1. Install the TowPro module, and wire in under the rear seat. Used 2 of the 4 wires available. The Blue orange one I did not use, as there has been conflicting reports on weather it works, so ran my own brake wire (red). TowPro black wire - Power was taken off the Yellow / Red constant 12v, and fused to Fl13 fuse in the main fuse panel (Picture 1 and 2 ). Confirmed no power when fuse pulled.
TowPro white wire - ground. Good ground point to chases under where TowPro mounted.
TowPro Blue wire - Control wire to Grey wire. This was modified at the rear of vehicle (explain later).
TowPro Red ran my own to rear of vehicle from grommet in the floor, and sheathed in flex split conduit.
2. Rear of vehicle. There is a 400mm wiring loom extension on this Quartermaster, which makes access easy. (picture 3, and 4)

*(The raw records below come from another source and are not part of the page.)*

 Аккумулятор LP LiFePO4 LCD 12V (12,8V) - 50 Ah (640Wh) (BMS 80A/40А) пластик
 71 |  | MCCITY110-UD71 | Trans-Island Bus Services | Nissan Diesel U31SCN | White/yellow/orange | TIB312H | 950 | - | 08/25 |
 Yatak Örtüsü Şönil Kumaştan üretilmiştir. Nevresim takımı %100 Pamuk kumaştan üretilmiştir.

Looking at the wires coming to the connecter, the grey has no pin on the pigtail. I ended up using pin 8 reverse for the Control wire, as there is no pin 12 in the plug, and can't source in FNQ a pin puller to remove it from the 13 pin socket. I was able to use a small jewlers screwdriver to remove the purple wire in the connector of the short loom which is the Reverse light wire (pin 8 in the socket) I moved this pin to the one that correlated with the grey wire fed into, but had nothing coming off.

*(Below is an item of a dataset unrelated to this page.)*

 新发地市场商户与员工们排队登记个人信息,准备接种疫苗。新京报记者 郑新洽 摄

3. Connected the Redarc diode in line with the red wire and blue / orange of the wiring loom. Wire coming from car or signal - to orange of diode. Red wire to red feed from under the seat. Other red end to the blue orange going to socket.

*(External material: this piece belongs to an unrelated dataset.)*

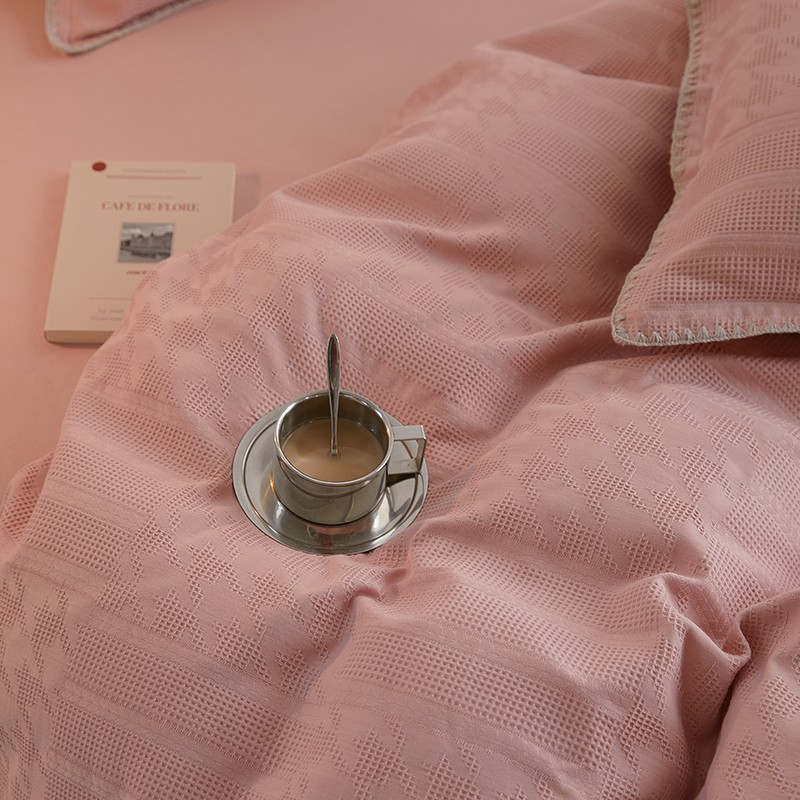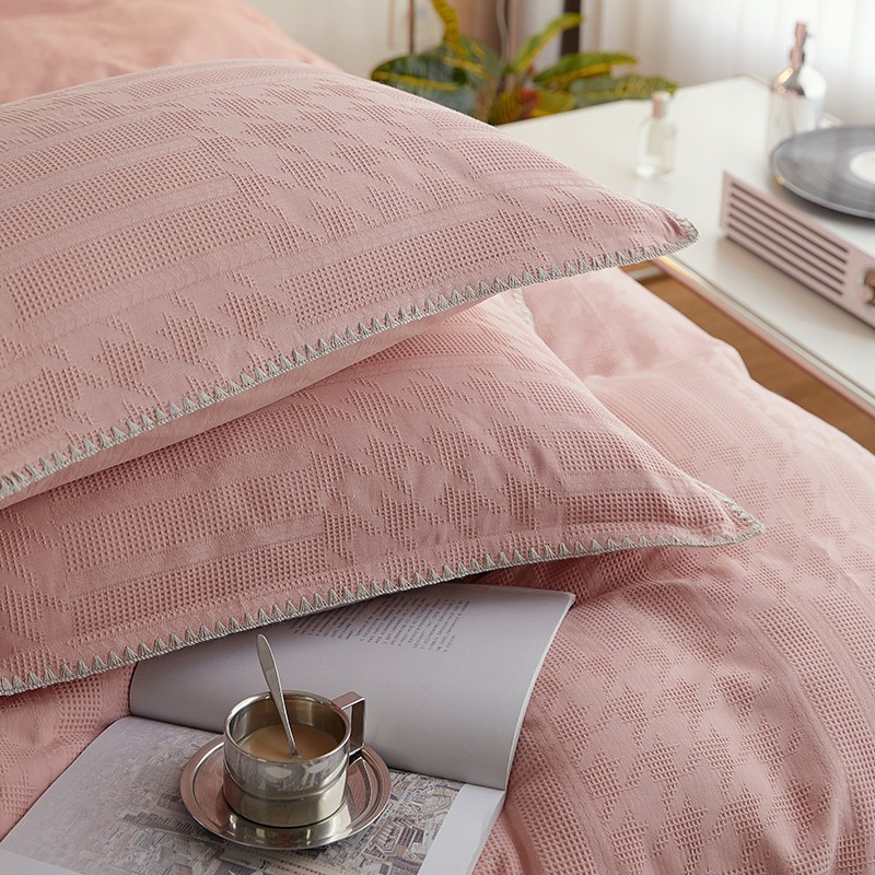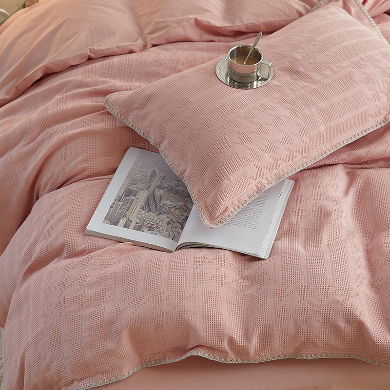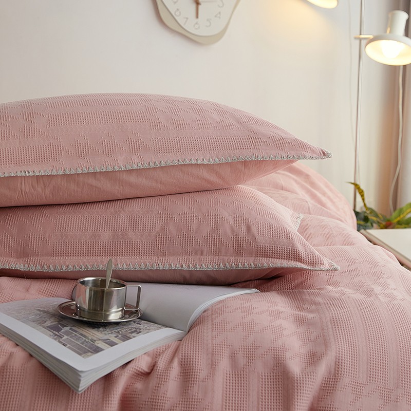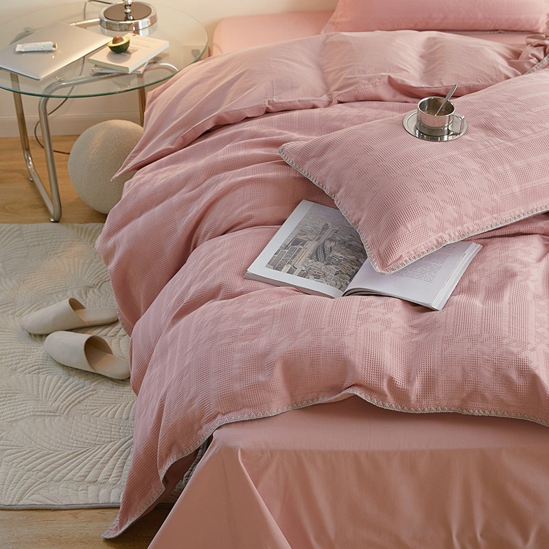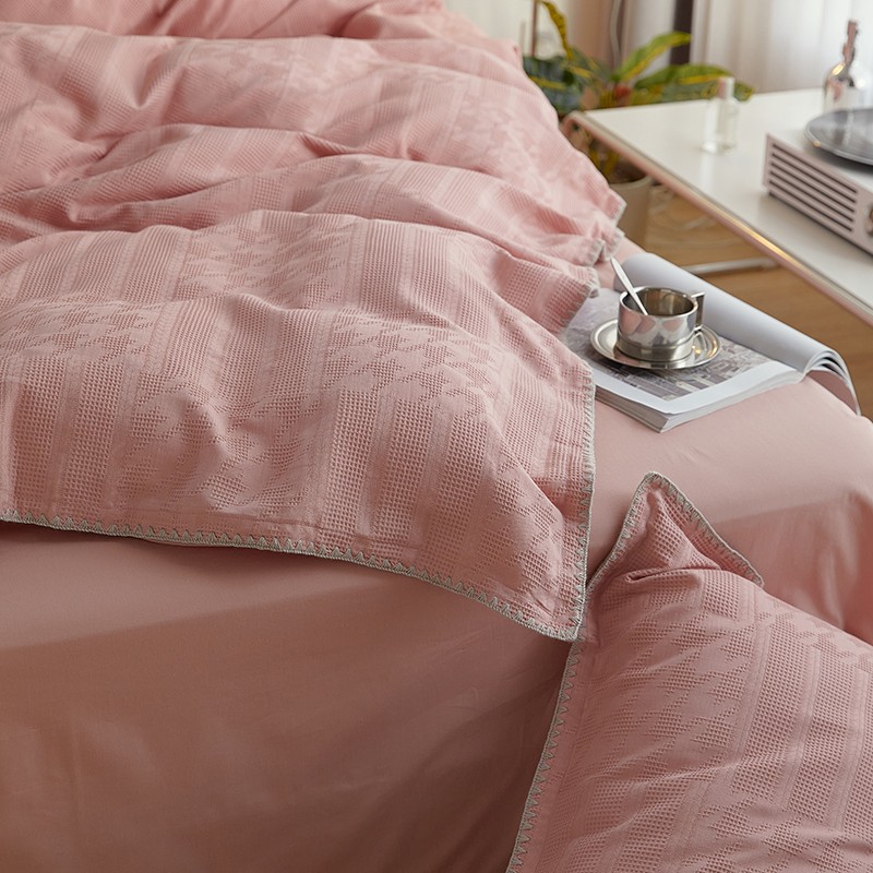 简家居 2022新款千鸟华夫格四件套 皮粉

4. At my 13 pin to 7 pin flat. Was able to take the blue wire from pin 12, and move it to pin 8. I taped and folded this brown reverse wire back up into the loom Will re instate if I ever need a reversing light on a trailer (picture 5) I do get a reverse lamp warning when going into reverse, but I know why. Goes away when I shift out of reverse.
5. Running the control knob - I checked first if the system worked and calibrated before running this wire. It worked flawlessly! I then ran my extended wire from under the back seat to under the panel at the bottom of the door. I then ran it up under the rubber seal on the inside of the rear door, and up under the interior ceiling to the rear of the cab. Pulled the plastic trim piece from above the window, and exposed gap between the ceiling and roof. Undid the four screws on the upper control panel end, and was able to unsnap and swing the panel down. Found a clear spot and drilled a small hole, and used a step drill to enlarge it to fit the control knob. I fed a wire puller under the roof liner and roof to the back of the cab. fished it out, and taped the cable to it. was easy to pull through. Plugged into control knob, and closed everything up again. (Picture 6 and 7)
Happy with today's progress, and no sparks when I plugged the fuse back in.